Stored records:
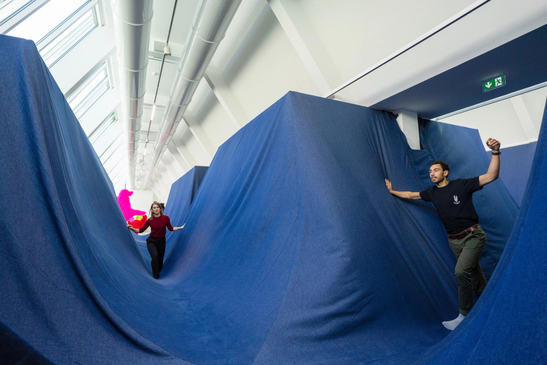 Paola Pivi, Free Land Scape, 2022, jean, métal, mousse. Vue de l’exposition de Paola Pivi « It’s not my job, it’s your job / Ce n’est pas mon travail, c’est votre travail » au [mac] musée d’art contemporain de Marseille, 2023. Photo : Hugo Glendinning. Courtesy de l’artiste et Perrotin.
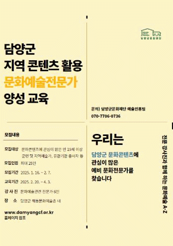 재단 문화예술 전문가 양성 과정은 담양군 지역 문화를 기반으로 문화예술전문가를 육성하기 위한 교육으로, 2월 20일부터 4월 3일까지 총 7회차 과정을 매주 목요일(1·2회차 목·금요일) 오후 5시에 진행한다.
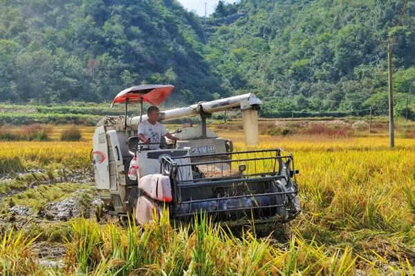 “以前人工收割一亩地,一个壮劳力得埋头干三天,现在收割机开过去,一个小时就能收完一亩多,机器不仅效率高,还降低了人工成本,真是省心又省力。”高塘村党支部书记吴元香表示。
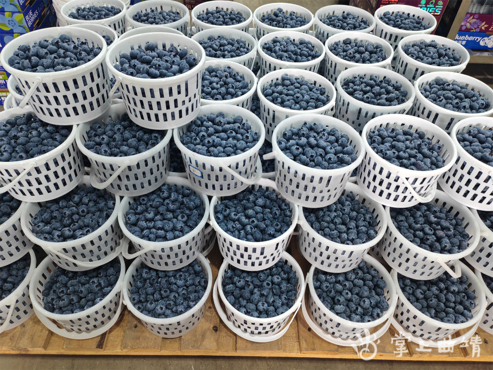 不同于传统露天蓝莓5月至6月集中上市的模式,麒麟区大力推广基质栽培与智能大棚技术,通过精准调控温湿度、光照和养分,让蓝莓实现12月至次年4月初的反季供应,供应周期延长至5个月。错峰上市不仅避开了鲜果扎堆竞争,更让蓝莓身价倍增,市场均价较传统露天蓝莓高出50%,优质品种价格直接翻倍。
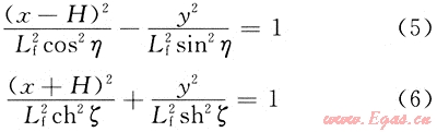 式中:ξ、η為與橢圓族中任意橢圓大小有關的特征量;chξ為雙曲余弦函數(shù);shξ為雙曲正弦函數(shù)。
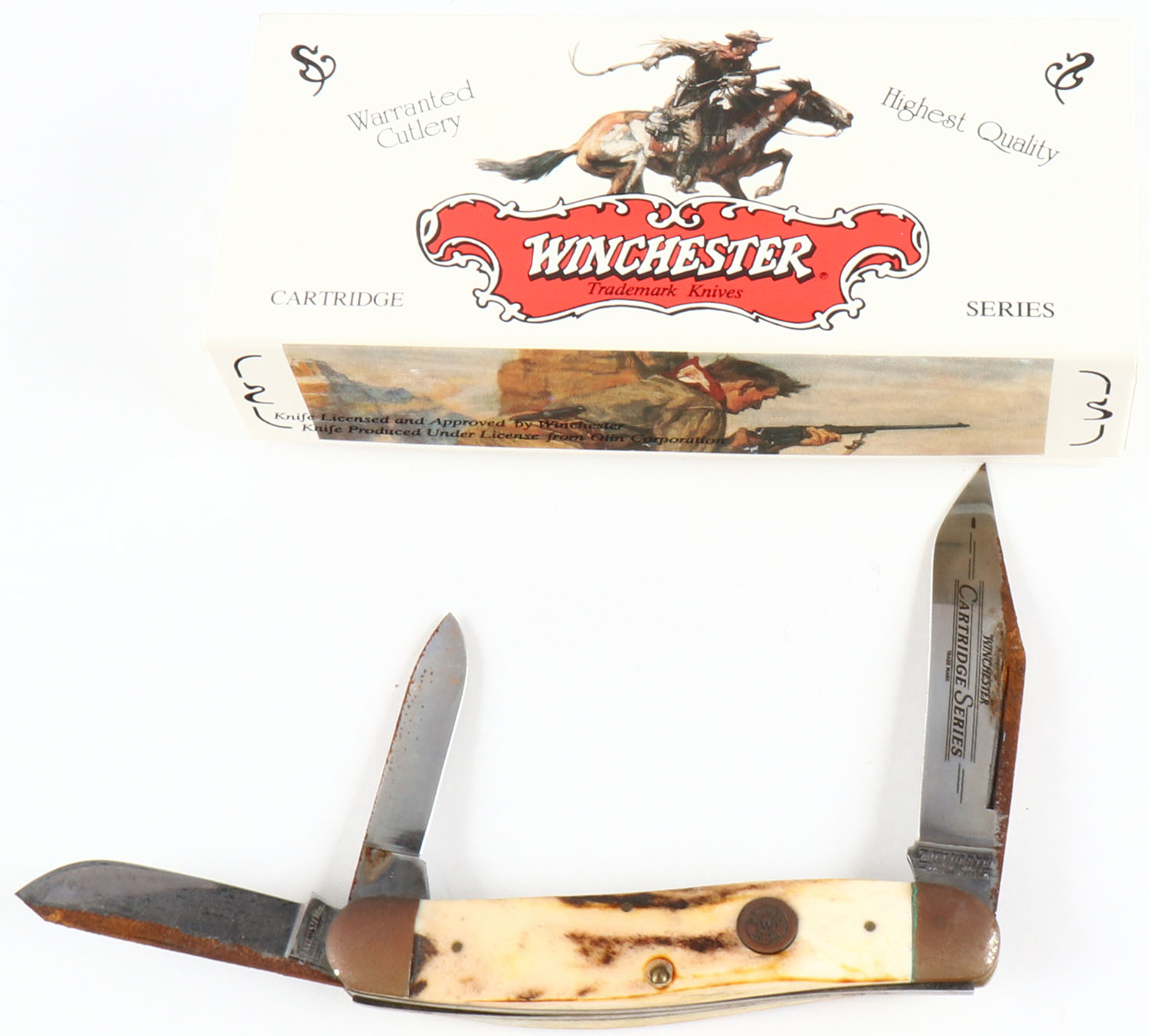 Winchester folding knife, in orginal box, No. W 18 350119 S, Stag Bone 30-30 Shield. Grade: Excellent ++ - Value: 30 to 90
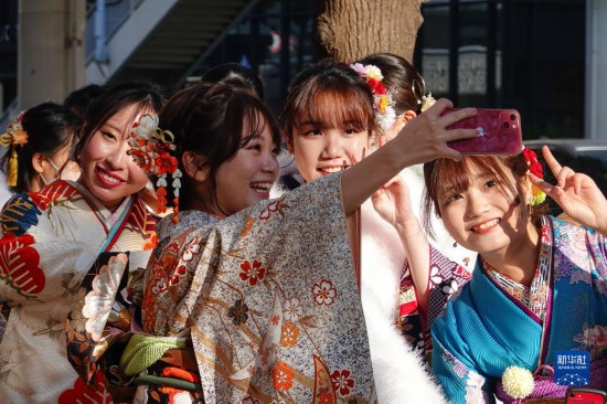 當日,青年男女在日本橫濱參加成人禮,慶祝自己成年。根據日本自2022年4月1日開始施行的《民法》,成人年齡由原來的20歲下調至18歲。每年1月的第二個星期一,日本各地會為年輕人舉辦成人禮儀式和活動。新華社記者 張笑宇 攝
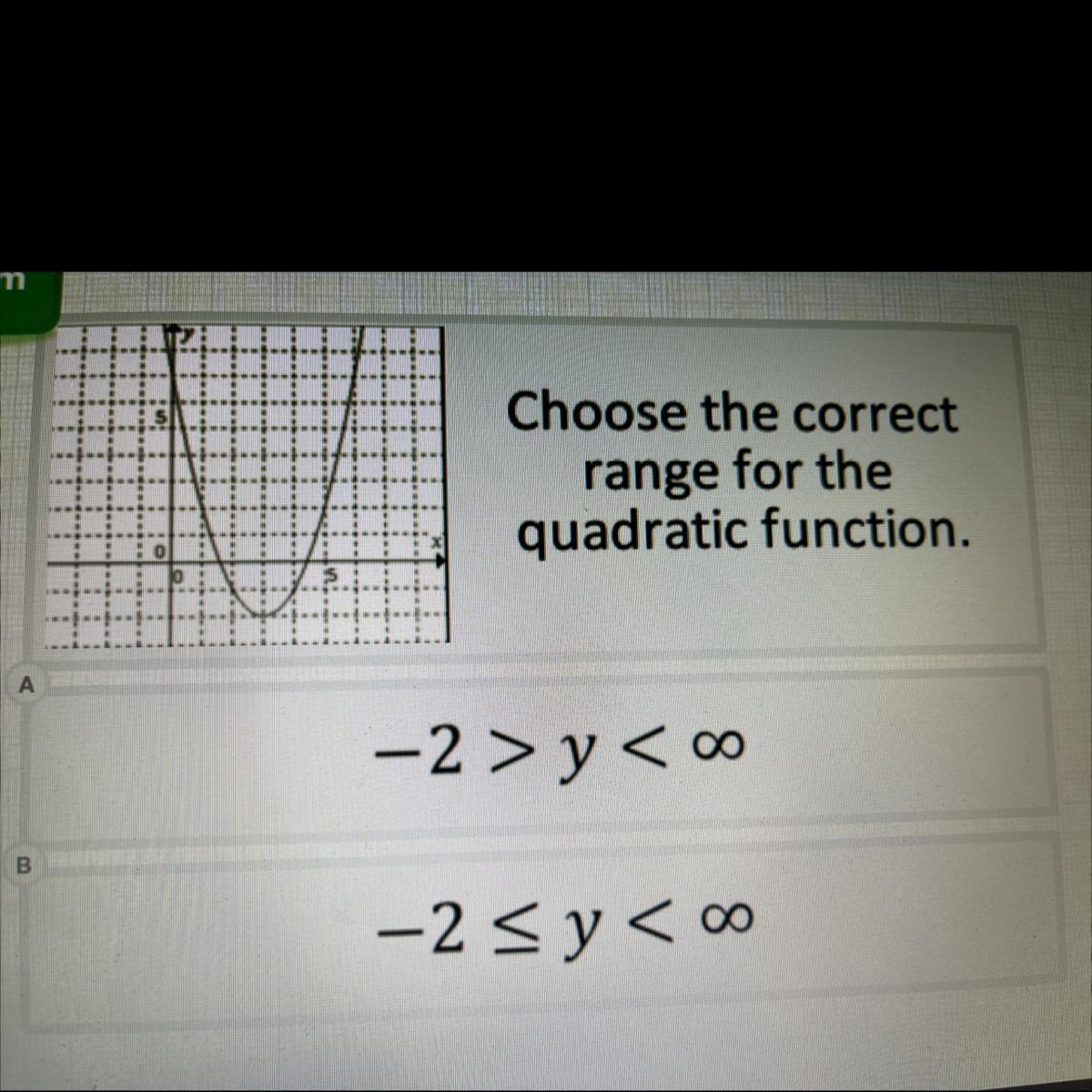 We see in the graph that the lowest y-coordinate is -2. The graph goes up from -2 on both sides all the way to infinity. The range is -2 and all values greater than -2.
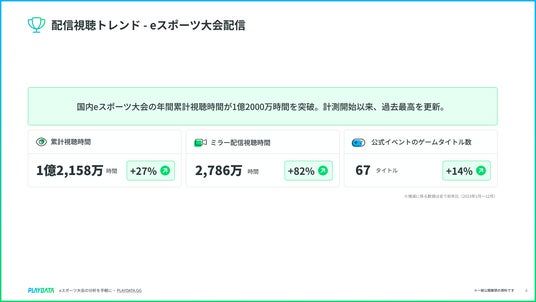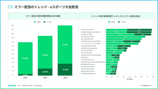 株式会社プレイブレーン(本社所在地:東京都品川区 以下、プレイブレーン)は、eスポーツ配信データ分析サービス「PLAYDATA」通じて計測されたデータを基に、2024年1月1日から12月31日の期間における国内eスポーツ大会配信の年間トレンドレポートの無料配布を開始しました。

◆ TASK ITEM
Reproduce exactly and only the lines from the line that contains "We see in the" to the end of the data above, both ends included. No pictures go in the copy.

◆ EXERCISE RESPONSE
 We see in the graph that the lowest y-coordinate is -2. The graph goes up from -2 on both sides all the way to infinity. The range is -2 and all values greater than -2.
 株式会社プレイブレーン(本社所在地:東京都品川区 以下、プレイブレーン)は、eスポーツ配信データ分析サービス「PLAYDATA」通じて計測されたデータを基に、2024年1月1日から12月31日の期間における国内eスポーツ大会配信の年間トレンドレポートの無料配布を開始しました。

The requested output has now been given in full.